9. En second lieu, aux termes de l’article 3 de la convention européenne de sauvegarde des droits de l’homme et des libertés fondamentales : « Nul ne peut être soumis à la torture ni à des peines ou traitements inhumains ou dégradants ». Aux termes de l’article L. 721-4 du code de l’entrée et du séjour des étrangers et du droit d’asile : « Un étranger ne peut être éloigné à destination d’un pays s’il établit que sa vie ou sa liberté y sont menacées ou qu’il y est exposé à des traitements contraires aux stipulations de l’article 3 de la Convention européenne de sauvegarde des droits de l’homme et des libertés fondamentales du 4 novembre 1950. ».

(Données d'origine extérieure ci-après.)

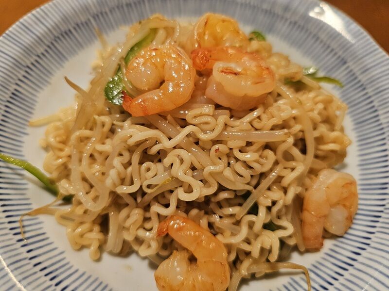 麺を3分茹でたら付属のオイルと粉末ソースをかけるだけという簡単調理なんだけど、さすがは奥さん、エビや野菜も入れてくれました。

10. M. A… fait valoir qu’il craint d’être persécuté en cas de retour dans son pays d’origine. Toutefois, le requérant, dont la demande d’asile a été, au demeurant, rejetée par une décision du directeur général de l’OFPRA en date du 27 avril 2022, confirmée par une décision de la CNDA en date du 30 décembre 2022, ne livre, à l’appui de ses assertions, aucun développement étayé, personnalisé et crédible sur les craintes dont il se prévaut. Ainsi, M. A… n’apporte aucun élément sérieux et convaincant permettant de considérer qu’il encourrait dans le cas d’un retour dans son pays d’origine, de manière suffisamment personnelle, certaine et actuelle, des menaces quant à sa vie ou sa personne ou des traitements prohibés par l’article 3 de la convention européenne de sauvegarde des droits de l’homme et des libertés fondamentales. Par suite, le moyen tiré de la méconnaissance des stipulations de l’article 3 de la convention européenne de sauvegarde des droits de l’homme et des libertés fondamentales doit être écarté.

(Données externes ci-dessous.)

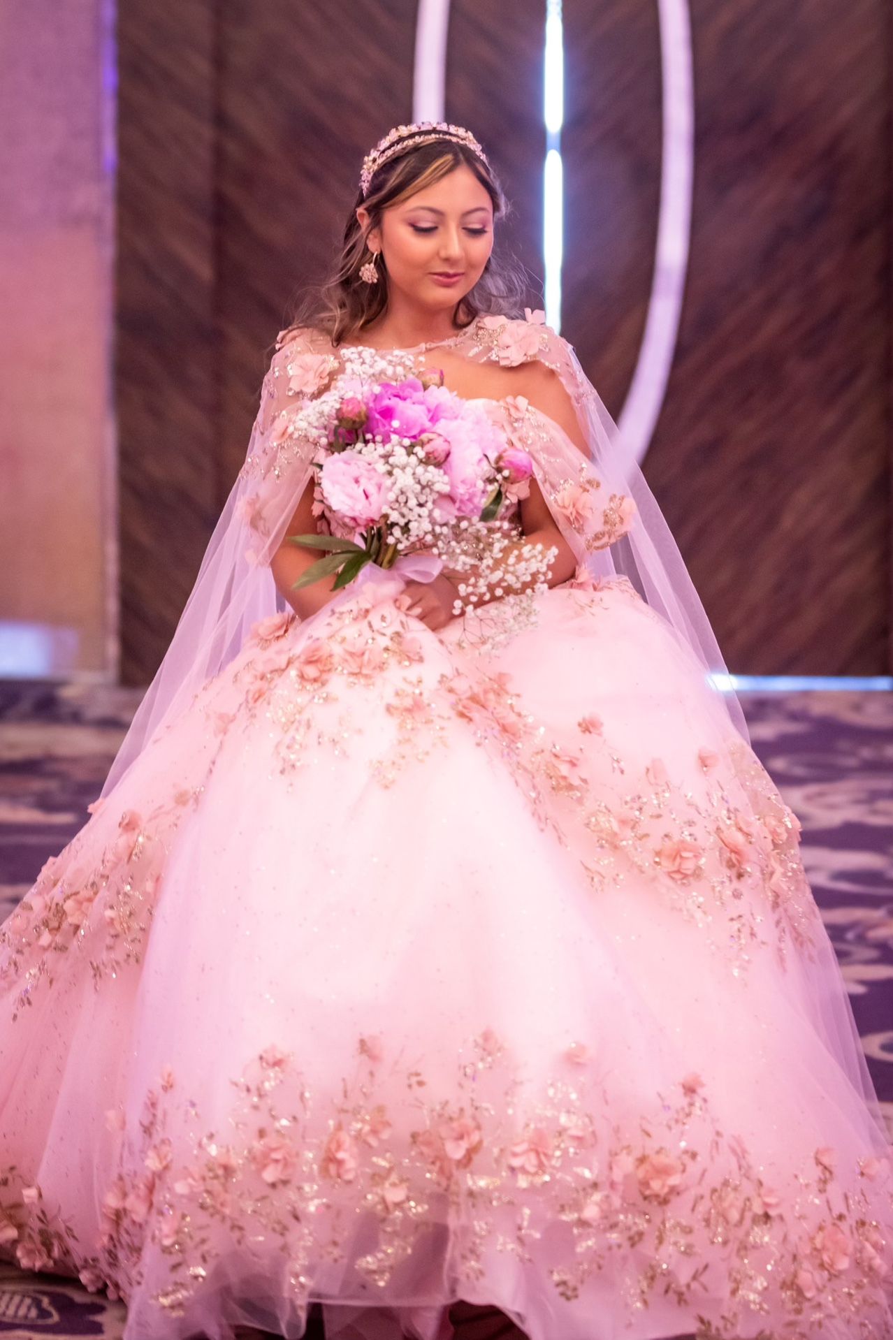 Quinceañera Dress – Blush Pink Floral Ball Gown with Cape

11. Il résulte de tout ce qui précède que les conclusions à fin d’annulation présentées par M. A… doivent être rejetées, ainsi que, par voie de conséquence, celles présentées à fin d’injonction et au titre des dispositions de l’article L. 761-1 du code de justice administrative et de l’article 37 de la loi du 10 juillet 1991.
DECIDE :
Article 1er : M. A… est admis au bénéfice de l’aide juridictionnelle à titre provisoire.
Article 2 : La requête de M. A… est rejetée.
Article 3 : La présente décision sera notifiée à M. C… et au préfet de police.
Délibéré après l’audience du 9 octobre 2025, à laquelle siégeaient :
Mme Amat, présidente,
M. Raimbault, premier conseiller,
Mme Desmoulière, conseillère.
Rendu public par mise à disposition au greffe le 23 octobre 2025.
La présidente-rapporteure,
Signé
N. Amat
L’assesseur le plus ancien,
Signé
G. Raimbault
La greffière,
Signé
L. Thomas
La République mande et ordonne au préfet de police en ce qui le concerne ou à tous commissaires de justice à ce requis en ce qui concerne les voies de droit commun contre les parties privées, de pourvoir à l’exécution de la présente décision.